I have a minimal reproducible example here, maybe I am doing something wrong but it does not work. If you install my branch, it will work as anticipated.

library(mipdtrial) # works with load_all() dev version on branch
library(pkvancothomson)

# Trial design
tdm_design <- create_sampling_design(
  offset = c(0.75, 12, 0.75, 12),
  at = c(3, 3, 6, 6),
  anchor = "dose"
)

update_design <- create_regimen_update_design(
  at = 4,
  anchor = "dose",
  dose_optimization_method = map_adjust_dose
)
target_design <- create_target_design(
  targettype = "cmin",
  targetmin = 5,
  targetmax = 10,
  at = 8,
  anchor = "day"
)

initial_method <- create_initial_regimen_design(
  method = model_based_starting_dose,
  regimen = list(
    interval = 12,
    type = "infusion",
    t_inf = 0.5
  ),
  settings = list(
    auc_comp = 3,
    dose_resolution = 50,
    dose_grid = c(50, 5000, 50)
  )
)

model_pub <- create_model_design(
  model = pkvancothomson::model(),
  omega_matrix = pkvancothomson::omega_matrix(),
  parameters = pkvancothomson::parameters(),
  ruv = pkvancothomson::ruv()
)

trial1 <- create_trial_design(
  sampling_design = tdm_design,
  target_design = target_design,
  regimen_update_design = update_design,
  initial_regimen_design = initial_method,
  sim_design = model_pub, est_design = model_pub
)

# run trial
set.seed(15)
dat <- data.frame(
  ID = 1:100,
  weight = rnorm(100, 90, 25),               # kg, normally distributed
  crcl = exp(rnorm(100, log(6), log(1.6))),  # L/hr, log-normally distributed
  CL_HEMO = 0
)
cov_map <- c(
  WT = "weight",
  CRCL = "crcl",
  CL_HEMO = "CL_HEMO"
)
res1 <- run_trial(data = dat, design = trial1, cov_mapping = cov_map, seed = 15)
#> Error in get_sampling_time_core(scheme[i, ], regimen): Not enough doses in regimen to update, please increase initial regimen length. For `cmin`, `middle`, or `random` calculation, you will need one more dose in the regimen than the dose for which the `cmin` is calculated.

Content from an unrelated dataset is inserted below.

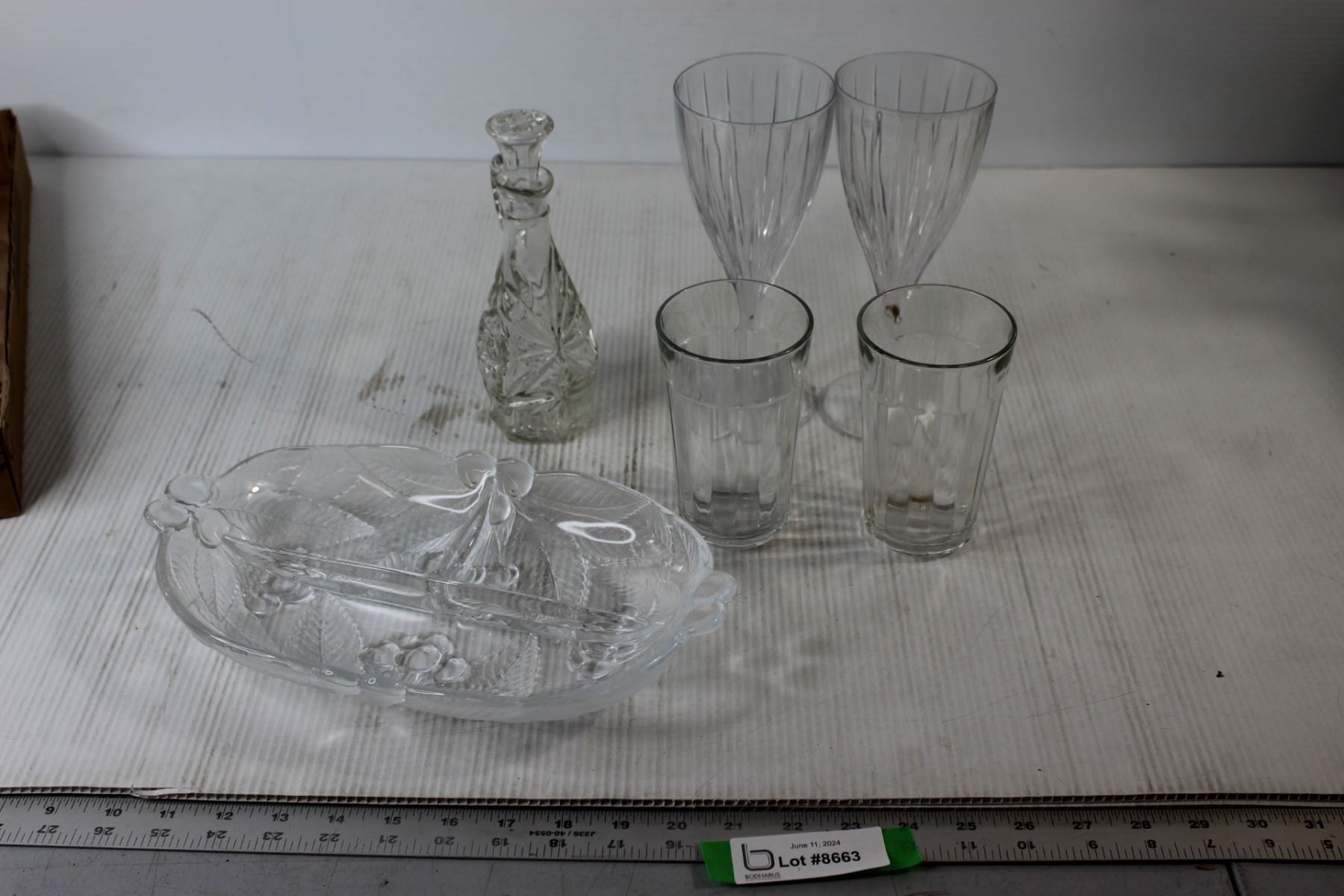 Glass Serving Tray, (2) Plastic Wine Cups, (2) Drinking Glasses, Decanter

Created on 2024-11-18 with reprex v2.1.1

jasmineirx commented 1 week ago

we can change the sampling time function instead. i gave some example code for that in my PR description

  else if(row$base %in% c("trough", "cmin")) {
    # take associated dosing interval if possible, otherwise take prev dosing interval
    # otherwise assume 24
    if (length(regimen$dose_times) > dose_anchor) {
      intv <- diff(regimen$dose_times[dose_anchor:(dose_anchor+1)] 
    } else if (dose_anchor > 1) {
      intv <- diff(regimen$dose_times[(dose_anchor-1):dose_anchor] 
    } else {
      intv <- 24
    }
    t_anchor <- regimen$dose_times[dose_anchor] + intv
  }
mccarthy-m-g commented 1 week ago

I have a minimal reproducible example here, maybe I am doing something wrong but it does not work.

I was able to replicate the error, and can confirm your branch fixes the error.

we can change the sampling time function instead. i gave some example code for that in my PR description

All the if-else statements in get_sampling_time_core make it hard to read and follow already, so adding more would only make that worse. If we change this function instead of going with your proposed approach, it might be nice to do some cleanup for readability (e.g., by wrapping the separate if-else statements into helper functions, using switch, etc.).